■ **TASK BRIEF**
Omit all pictures, then print the entries exactly.

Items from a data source
# # #

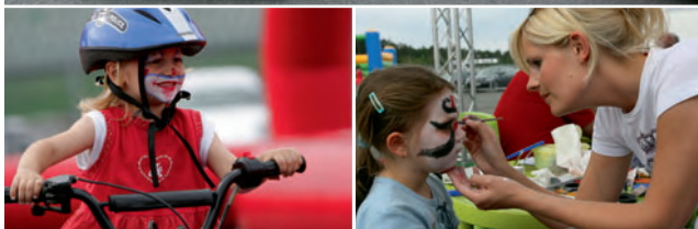
▲ Früh übt sich: die Rennfahrer von morgen.

Weitere Informationen, Details für interessierte Fahrer und Zuschauer sowie die Meldeformulare finden Sie unter www.porschesportscup.de . ■
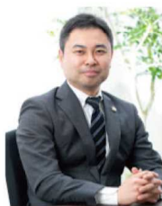
代表弁護士・中小企業診断士・社労士
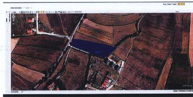
Fig.1 Ortofoto, parcela kadastrale nr. 114-0, ZK Vlashnjë; http://geoportal.rks-gov.net/

Nga raporti i te dhënave kadastrale (Certifikata nga SIKTK, shërbimet digjitale) prona evidentohet në emër të Pasuri Shoqërore K.B.I PROGRES me numër të njësisë P-71813006-00114-0; sipërfaqe 4028m 2 ; kulture bujqësore Arë e klasës 6-të.
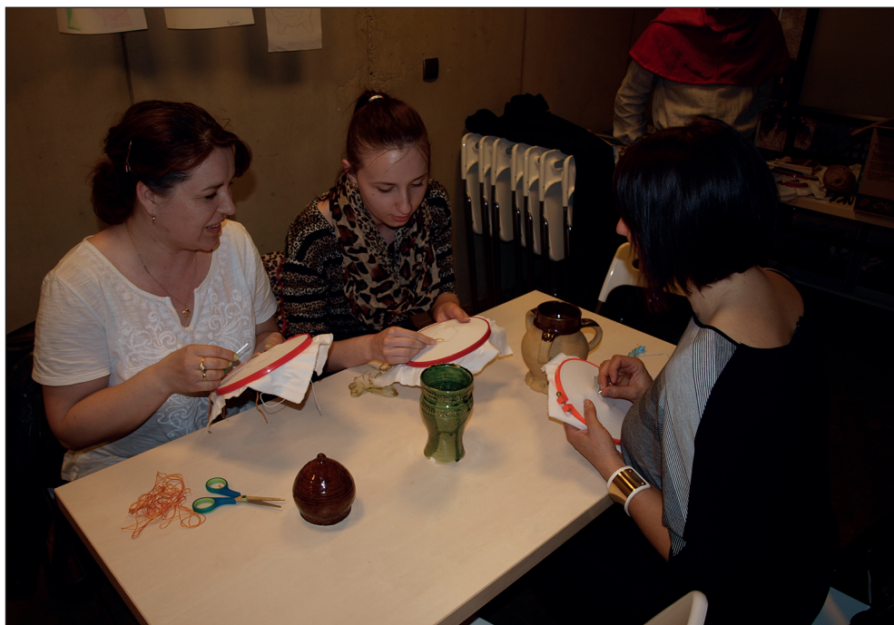
Ryc. 12. „Noc Muzeów” 2014.
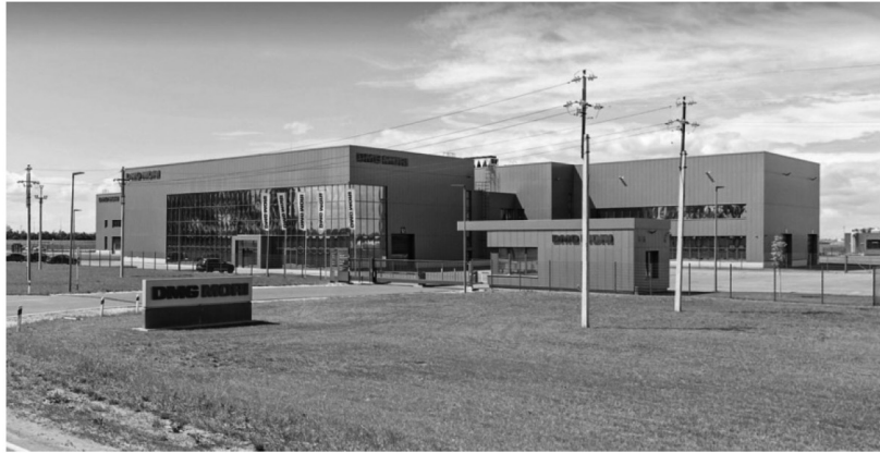
Рис. 4а. Станкостроительный завод «ДМГ Мори-Секи»
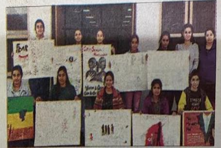
केयू में आयोजित प्रतियोगिता में पोस्टर दिखाती छात्राएं।
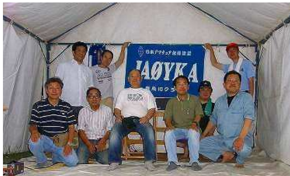
納涼会が始まる頃には13名になりました

糸魚川おまんた祭り、帆船の日本丸が姫川港に寄港して、参加人数を心配しましたが、今年は13名の皆さんが集まってくれました。
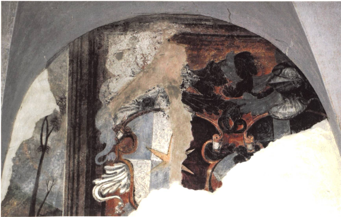
Bild 18: Wappen von Gilly Maissen in Sondrio: Gespalten, rechts geviert von Silber und Blau, links von Rot. Schildmitte belegt mit einem sechsstrahligen goldenen Stern. – Helmzier: [Sechsstrahliger goldener Stern].

Das Wappen des Oberen Bundes weist die heraldischen Embleme des ehemaligen Banners dieses Bundes auf, nämlich ein silbernes Kreuz auf rotem Grund.
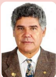
Chico Alencar (PSOL) – Senado
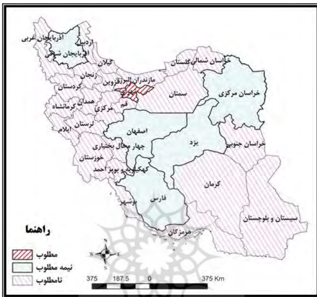
شکل ۷. تعداد واحد مسکونی تعیین شده در پروانه‌های ساختمانی برحسب بخش متقاضی در استان‌ها طی سال‌های ۱۳۸۹ تا زمستان ۹۲

با توجه به آمار ساخت و ساز اتحادیه‌های تعاونی مسکن در مجموع گرایش‌ها به ترتیب استان‌های کرمانشاه ۱۳ اتحادیه، خراسان جنوبی با ۹ اتحادیه و آذربایجان شرقی با ۸ اتحادیه بیش‌ترین تعداد را داشته و اتحادیه استان‌های آذربایجان غربی، بوشهر، چهارمحال و بختیاری، خراسان شمالی، خوزستان، قم، کردستان، کهگیلویه و بویراحمد، گلستان، گیلان، هرمزگان و یزد هیچ‌گونه فعالیت ساخت و ساز ندارند.
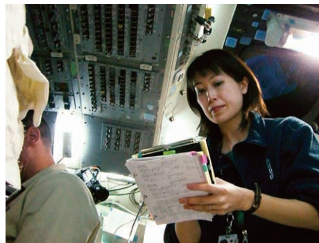
スペースシャトルミッション・シミュレーション訓練を行う山崎直子宇宙飛行士 (NASAジョンソン宇宙センター) Astronaut Naoko Yamazaki takes part in simulation training for the Space Shuttle mission. (Johnson Space Center, NASA)

Previously, most of the JAXA astronauts flew on Space Shuttles missions into space, but when the Space Shuttle program ends in 2010, the only way to travel into space will be on the Russian spaceship Soyuz.
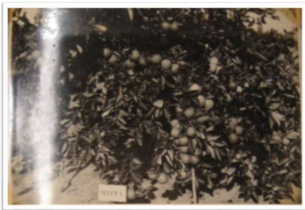
Fotografia 7. Posto agrícola Lima Campos (CE). Laranjeiras
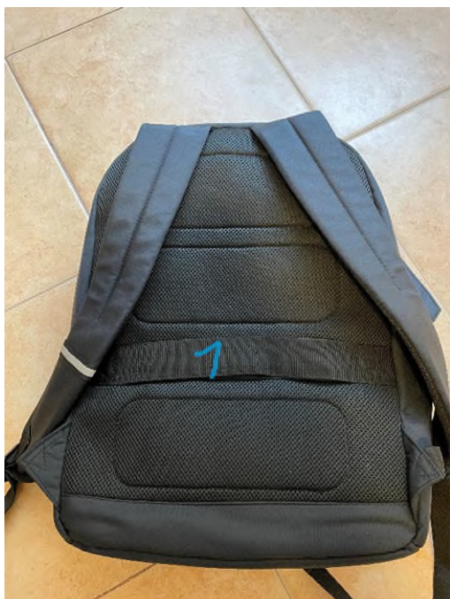
Immagine 6 – cinghia per il bagaglio

N° 1 - cinghia per il bagaglio in modo da poter fissare lo zaino sulla valigia

# # #

■ **SOLUTION BELOW**
▲ Früh übt sich: die Rennfahrer von morgen.

Weitere Informationen, Details für interessierte Fahrer und Zuschauer sowie die Meldeformulare finden Sie unter www.porschesportscup.de . ■
代表弁護士・中小企業診断士・社労士
Fig.1 Ortofoto, parcela kadastrale nr. 114-0, ZK Vlashnjë; http://geoportal.rks-gov.net/

Nga raporti i te dhënave kadastrale (Certifikata nga SIKTK, shërbimet digjitale) prona evidentohet në emër të Pasuri Shoqërore K.B.I PROGRES me numër të njësisë P-71813006-00114-0; sipërfaqe 4028m 2 ; kulture bujqësore Arë e klasës 6-të.
Ryc. 12. „Noc Muzeów” 2014.
Рис. 4а. Станкостроительный завод «ДМГ Мори-Секи»
केयू में आयोजित प्रतियोगिता में पोस्टर दिखाती छात्राएं।
納涼会が始まる頃には13名になりました

糸魚川おまんた祭り、帆船の日本丸が姫川港に寄港して、参加人数を心配しましたが、今年は13名の皆さんが集まってくれました。
Bild 18: Wappen von Gilly Maissen in Sondrio: Gespalten, rechts geviert von Silber und Blau, links von Rot. Schildmitte belegt mit einem sechsstrahligen goldenen Stern. – Helmzier: [Sechsstrahliger goldener Stern].

Das Wappen des Oberen Bundes weist die heraldischen Embleme des ehemaligen Banners dieses Bundes auf, nämlich ein silbernes Kreuz auf rotem Grund.
Chico Alencar (PSOL) – Senado
شکل ۷. تعداد واحد مسکونی تعیین شده در پروانه‌های ساختمانی برحسب بخش متقاضی در استان‌ها طی سال‌های ۱۳۸۹ تا زمستان ۹۲

با توجه به آمار ساخت و ساز اتحادیه‌های تعاونی مسکن در مجموع گرایش‌ها به ترتیب استان‌های کرمانشاه ۱۳ اتحادیه، خراسان جنوبی با ۹ اتحادیه و آذربایجان شرقی با ۸ اتحادیه بیش‌ترین تعداد را داشته و اتحادیه استان‌های آذربایجان غربی، بوشهر، چهارمحال و بختیاری، خراسان شمالی، خوزستان، قم، کردستان، کهگیلویه و بویراحمد، گلستان، گیلان، هرمزگان و یزد هیچ‌گونه فعالیت ساخت و ساز ندارند.
スペースシャトルミッション・シミュレーション訓練を行う山崎直子宇宙飛行士 (NASAジョンソン宇宙センター) Astronaut Naoko Yamazaki takes part in simulation training for the Space Shuttle mission. (Johnson Space Center, NASA)

Previously, most of the JAXA astronauts flew on Space Shuttles missions into space, but when the Space Shuttle program ends in 2010, the only way to travel into space will be on the Russian spaceship Soyuz.
Fotografia 7. Posto agrícola Lima Campos (CE). Laranjeiras
Immagine 6 – cinghia per il bagaglio

N° 1 - cinghia per il bagaglio in modo da poter fissare lo zaino sulla valigia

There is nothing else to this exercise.